(Beginning of AVAILABLE RECORDS)
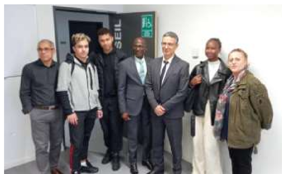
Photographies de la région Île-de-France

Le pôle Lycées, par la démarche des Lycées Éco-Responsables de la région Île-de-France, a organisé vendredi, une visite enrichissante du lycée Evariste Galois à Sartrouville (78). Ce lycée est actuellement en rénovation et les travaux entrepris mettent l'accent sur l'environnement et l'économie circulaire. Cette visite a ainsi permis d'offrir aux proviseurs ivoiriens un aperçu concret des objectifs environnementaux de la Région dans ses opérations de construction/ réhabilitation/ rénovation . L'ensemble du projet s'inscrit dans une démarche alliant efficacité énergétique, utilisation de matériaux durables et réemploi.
(End of AVAILABLE RECORDS)
(Beginning of AVAILABLE RECORDS)
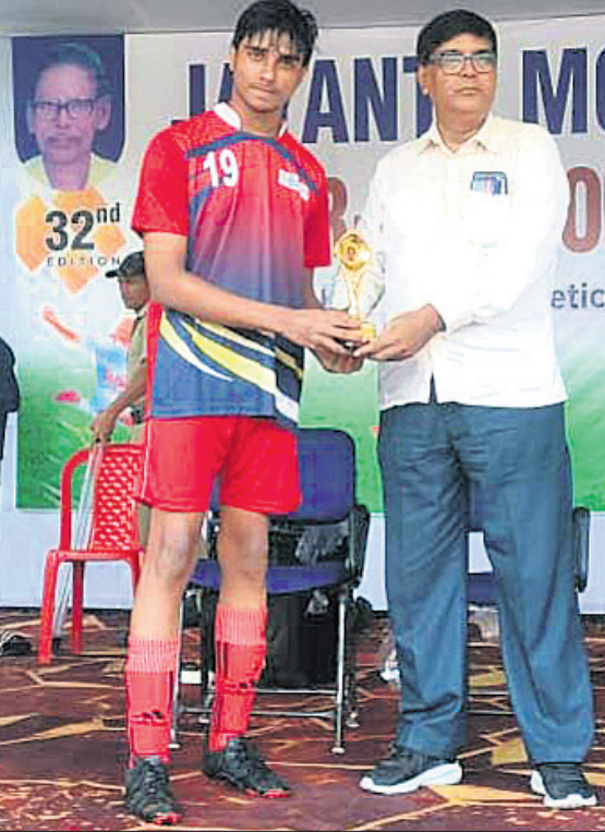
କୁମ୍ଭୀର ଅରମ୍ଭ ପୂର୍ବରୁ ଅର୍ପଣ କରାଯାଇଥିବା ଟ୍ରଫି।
(End of AVAILABLE RECORDS)
(Beginning of AVAILABLE RECORDS)
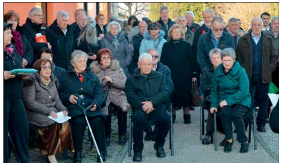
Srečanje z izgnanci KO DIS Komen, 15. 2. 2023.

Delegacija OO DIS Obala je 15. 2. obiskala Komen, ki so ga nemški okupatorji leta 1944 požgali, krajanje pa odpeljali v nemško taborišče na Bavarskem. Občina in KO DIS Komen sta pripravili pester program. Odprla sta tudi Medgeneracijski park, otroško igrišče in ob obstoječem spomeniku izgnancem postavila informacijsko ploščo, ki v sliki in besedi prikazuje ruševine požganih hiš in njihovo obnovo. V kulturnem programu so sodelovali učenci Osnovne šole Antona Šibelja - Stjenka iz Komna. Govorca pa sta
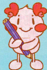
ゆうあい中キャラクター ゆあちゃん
(End of AVAILABLE RECORDS)
**TASK DETAILS:**
Everything in the material above from the line that has "Srečanje z izgnanci" through the line that has "Delegacija OO DIS" must be duplicated exactly, with no other lines given.

**ANSWER SECTION:**
Srečanje z izgnanci KO DIS Komen, 15. 2. 2023.

Delegacija OO DIS Obala je 15. 2. obiskala Komen, ki so ga nemški okupatorji leta 1944 požgali, krajanje pa odpeljali v nemško taborišče na Bavarskem. Občina in KO DIS Komen sta pripravili pester program. Odprla sta tudi Medgeneracijski park, otroško igrišče in ob obstoječem spomeniku izgnancem postavila informacijsko ploščo, ki v sliki in besedi prikazuje ruševine požganih hiš in njihovo obnovo. V kulturnem programu so sodelovali učenci Osnovne šole Antona Šibelja - Stjenka iz Komna. Govorca pa sta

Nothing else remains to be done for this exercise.